Students who make their goals known early tend to get more personal, specific letters; the kind that actually moves the needle with program directors.
Timing really matters here. Ask for a letter of recommendation in person when possible, right after a strong rotation, when your performance is fresh in the attending’s mind. Requesting three to six months before ERAS opens gives writers a pretty reasonable and respectful amount of time.
Tell the attending which specialty you are pursuing, why you chose them specifically, and when you need the letter uploaded. Most writers respond so much better to a clear, confident request than to a vague one. Plus, being direct shows respect for their time and gives them a concrete deadline to work toward.
A strong LoR rarely comes from a writer working without enough context about your accomplishments. The more support you give your attending, the more detailed and convincing their letter will be.
Give each writer a preparation packet with your CV, a personal statement draft, your United States Medical Licensing Examination (USMLE) scores, and a summary of key clinical experiences, such as cases that highlight your clinical reasoning at its best.
Archer Review’s performance analytics can give you a clear picture of your clinical reasoning strengths, which is exactly the kind of data-backed information that helps an attending write something credible and memorable. Send a thank-you note shortly after making the request, and follow up once near the ERAS deadline with a brief, polite reminder.
A standout letter of recommendation for residency reflects months of deliberate effort: the right writers, real relationships, and supporting materials that make it easy for attending physicians to advocate for you with specifics. Follow the steps in this guide, and you’ll give each letter the best possible foundation.

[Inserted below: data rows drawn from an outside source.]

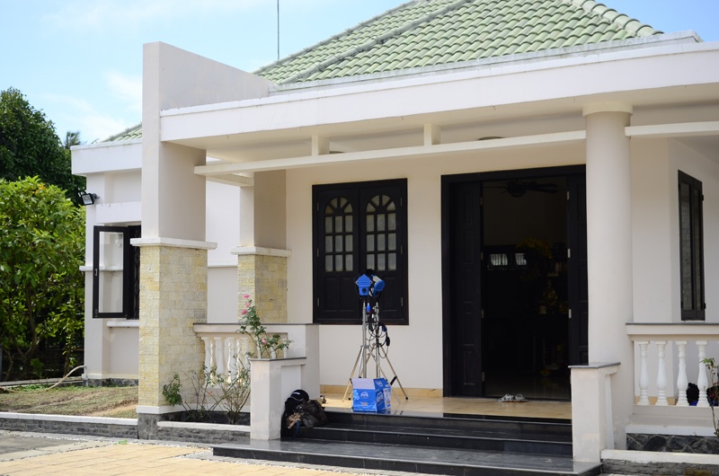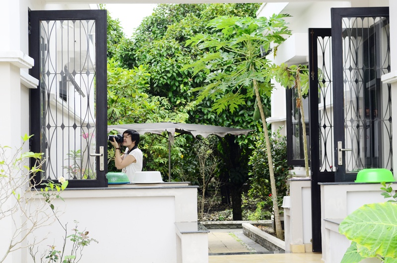 Thoạt nhìn từ bên ngoài, nhiều người nhầm tưởng, nơi ở của Việt Trinh giống một tòa lâu đài sừng sững giữa không gian vắng vẻ, nhưng thực chất, căn nhà của người đẹp Tây Đô có không gian đơn giản được bao bọc bởi một khu vườn sinh thái rộng rãi toàn cây ăn trái và rau xanh.
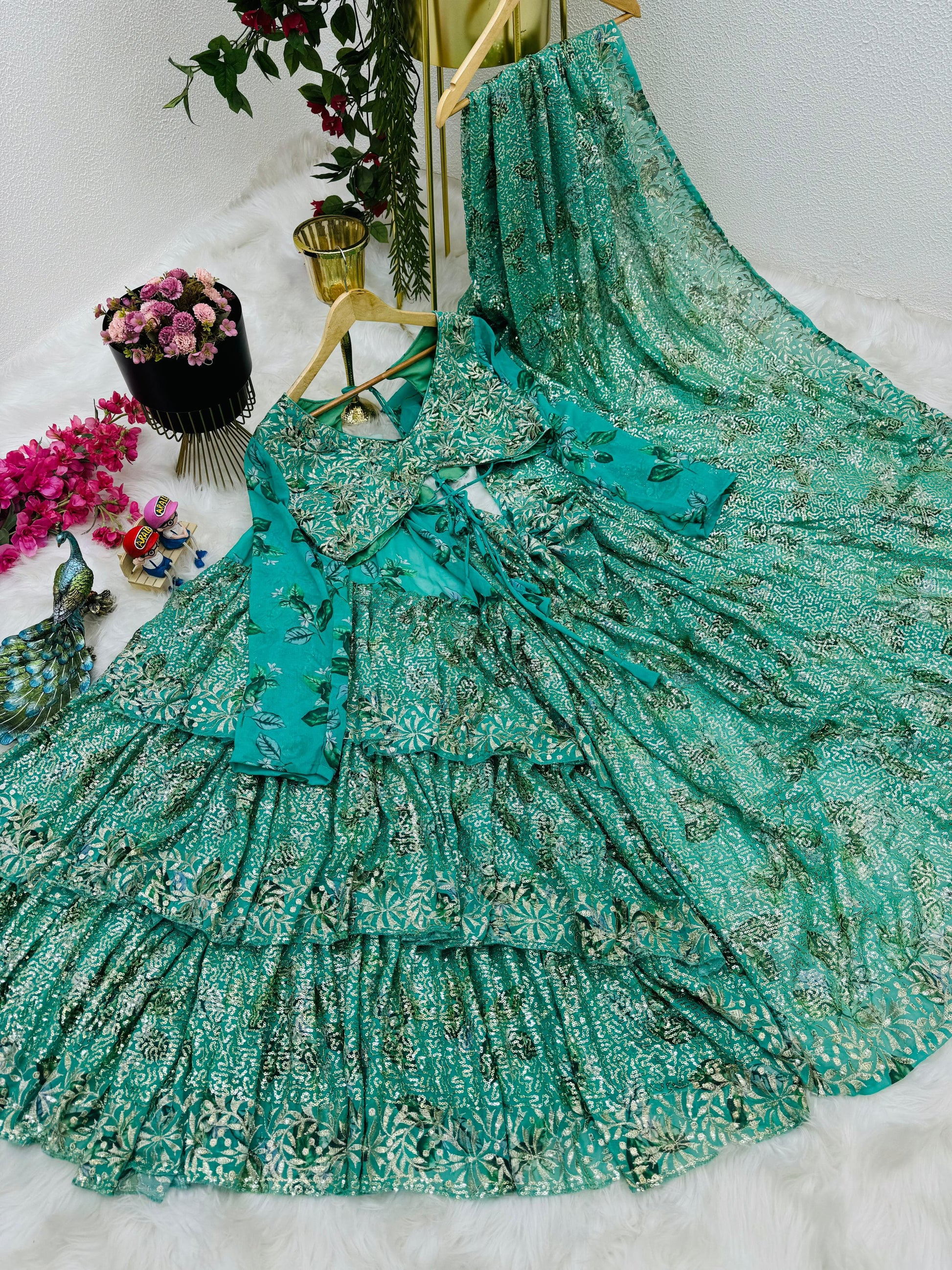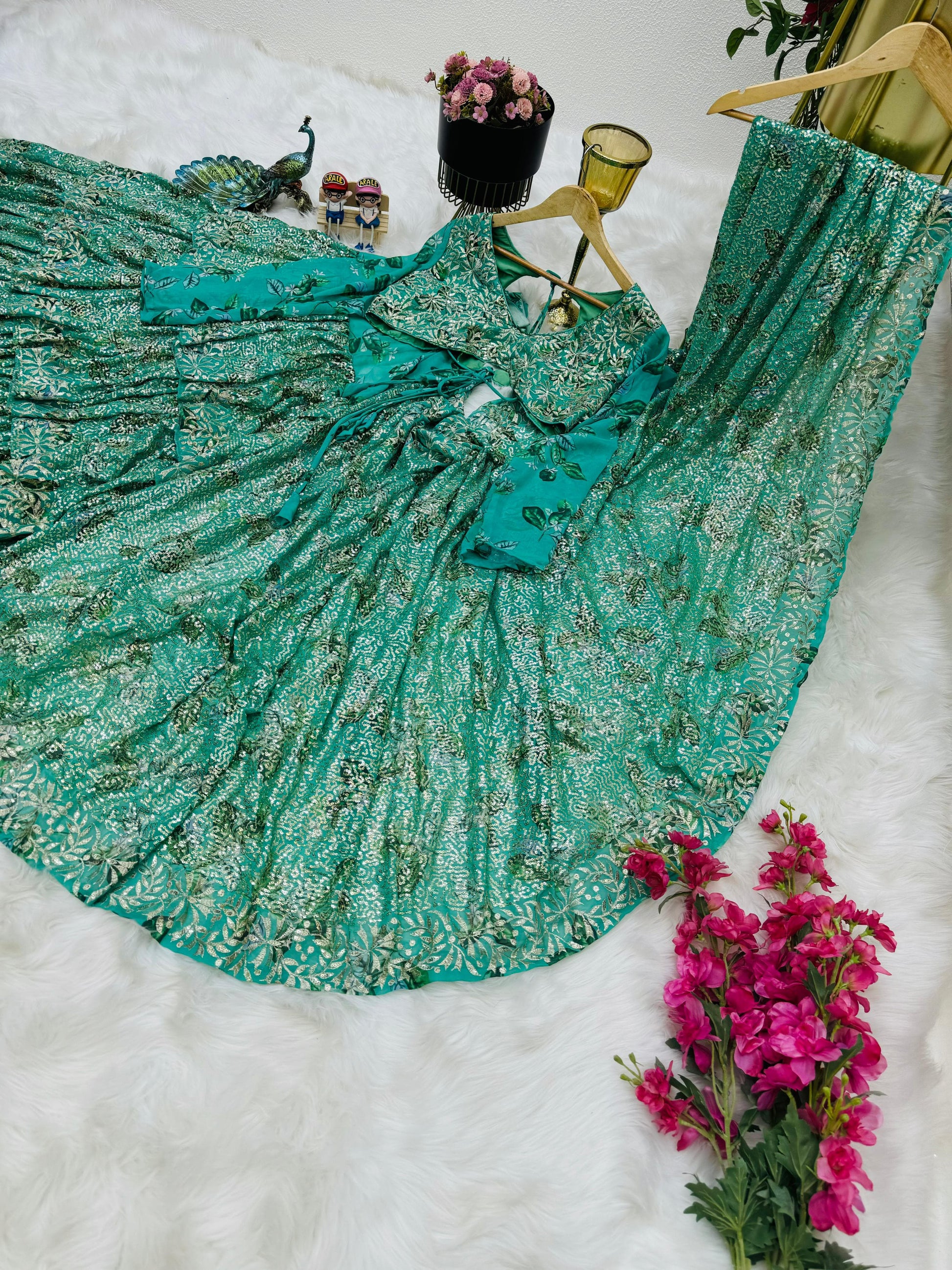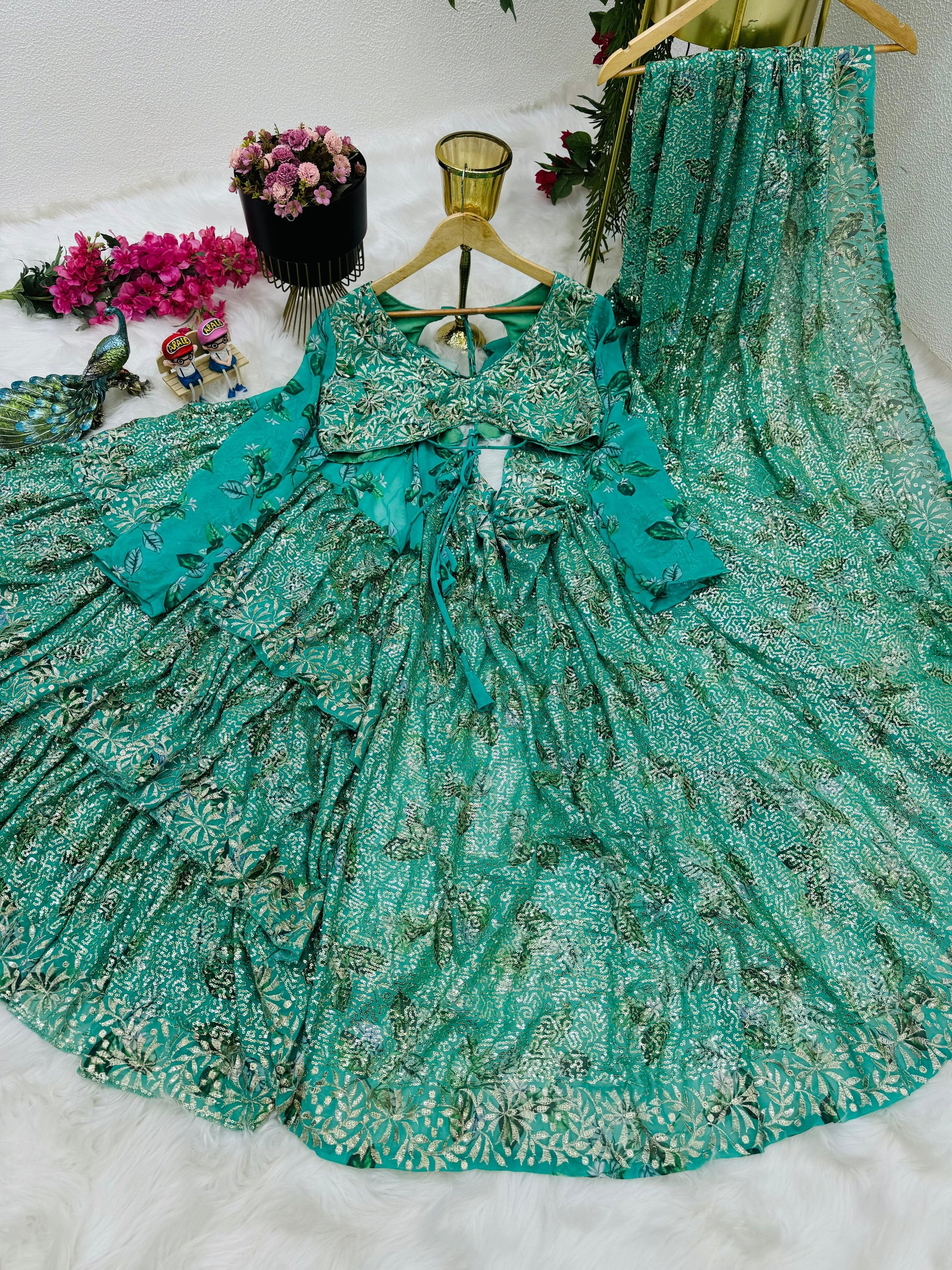 Aqua Green Color Heavy Sequence Work Lehenga Saree
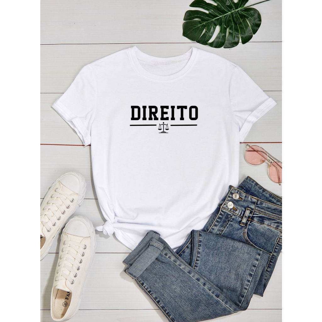 Blusa Feminina Baby Look Estampada Faculdade Direito com Brasão College Profissão 100% Algodão
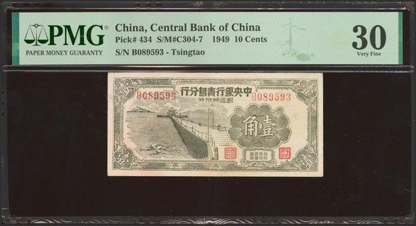 CHINA. 10 Cents. 1949. Central Bank of China. Tsingtao Branch. (Pick: 434, SM: C304-7). PMG30 (minor repairs, stains).
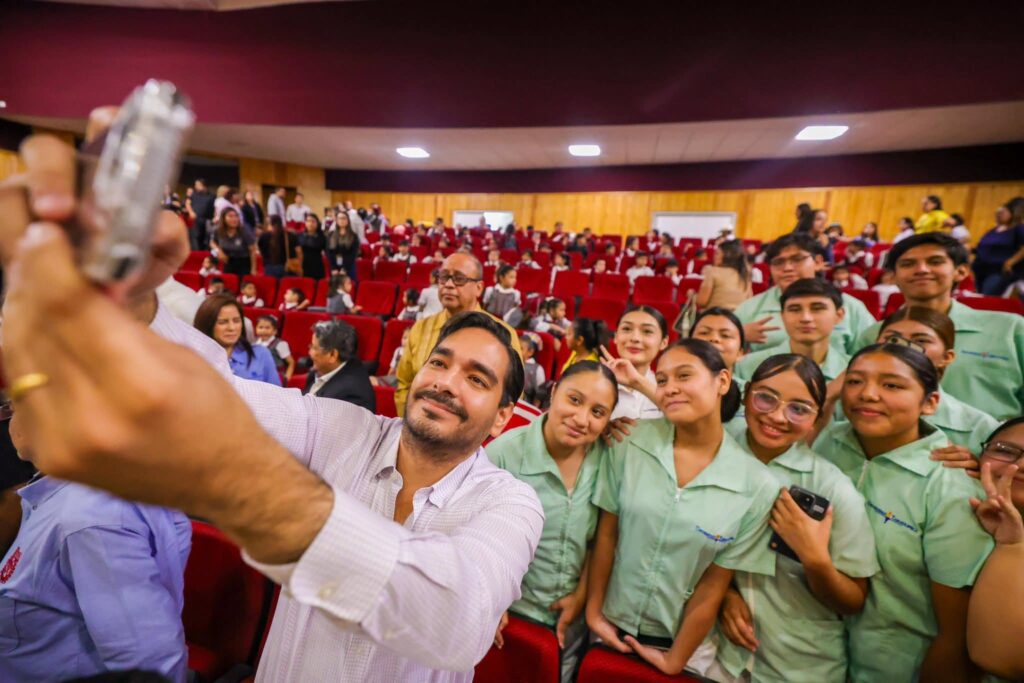 «Ustedes pueden hacer la universidad, luego sigue una maestría, un doctorado, la educación continua para poder ir capacitándote en los temas que a ustedes les importan y que puedan tener un impacto real en nuestra sociedad», dijo el Alcalde ante alumnos de preparatoria, secundaria y primaria.

At Archer Review, over 960,000 students have trusted our platform to prepare for their medical exams, including USMLE Steps 1, 2, and 3. Our comprehensive QBank, performance analytics, and expert whiteboard videos are designed to sharpen exactly the clinical reasoning your attending physicians will want to write about.
Register today and build the application that gets you in.
Yes, letters can be uploaded to the ERAS Letter of Recommendation Portal after the application opens, and your application can still go out in the meantime. Most programs start reviewing applications in late September, so any letter that arrives after that point might miss the first round of interview decisions.
Getting all letters uploaded before programs begin their review is the safest approach.
Your application can still be submitted through ERAS if one writer has not yet uploaded their letter. Contact the writer directly with a specific target date, and follow up with one polite reminder if needed. Having a fourth letter ready from a backup writer is one of the most practical ways to protect yourself if this situation comes up.
A letter from outside your target specialty typically carries less weight than one from within it, and some programs expect all letters to come from the applied specialty. A letter from a closely related field can still add real value if your other letters already come from your target area. The real risk is submitting an application with no letters from your intended specialty at all.
You can assign letter writers to programs in ERAS before their letters are uploaded, which is a very normal part of the process. The letter will simply show as pending until the writer submits it. Listing your writers early does not affect your application negatively.
Program directors read so many letters that they can often spot generic or inconsistent writing fairly quickly. A letter that lacks specific clinical details or reads like a standard template tends to raise questions about its credibility. Writers who know you well and include real, concrete examples produce letters that read as genuinely personal and authoritative.